Nos 25 quilômetros, mais ou menos, a minha cabeça esqueceu que deveria me levar a algum lugar e simplesmente travou. Eu tinha certeza que não chegaria. Comecei a pensar que não teria cama para dormir, que tinha andado muito devagar, que tinha parado muito.

Sabe, eu disse que falaria de coragem, e agora chegou a hora. Hoje eu entendi o que realmente quer dizer coragem. Coragem não é um tipo de heroísmo. Muito menos uma força inigualável e incontrolável.

Coragem é deixar o coração agir.

É deixar o seu coração demonstrar as vulnerabilidades dele, e deixar que ele controle a situação. Ou melhor, é aceitar que, às vezes, não ter controle não é o fim do mundo. Estar tudo sempre bem, não pode ser condição básica para a vida e o caminho continuarem.

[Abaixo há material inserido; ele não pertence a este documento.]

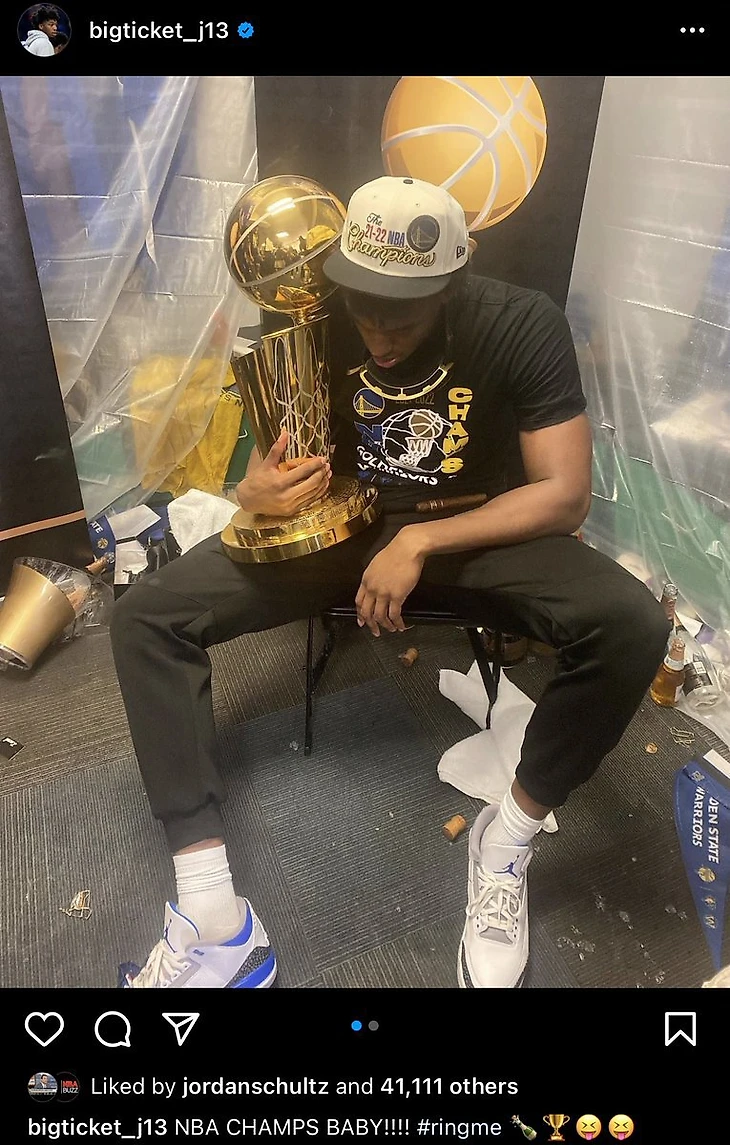 Центровой «Голден Стэйт» Джеймс Уайзмен сфотографировался с кубком Ларри О’Брайена, сидя на стуле, изобразив знаменитый снимок Кобе Брайанта 2001 года.

Ouvi algumas vezes que o caminho é uma metáfora para a vida. E sim, talvez seja uma das melhores. A cada passo e com cada pessoa, tenho tirado lições que, por mais simples que sejam, talvez até um pouco óbvias, me fazem uma pessoa melhor,

Hoje eu errei. Acertei. Cansei. E mais, vivi.

Desafios concluídos: aceitar o ócio, ter coragem e ouvir mais.

Amanhã tem mais e meus pés doem.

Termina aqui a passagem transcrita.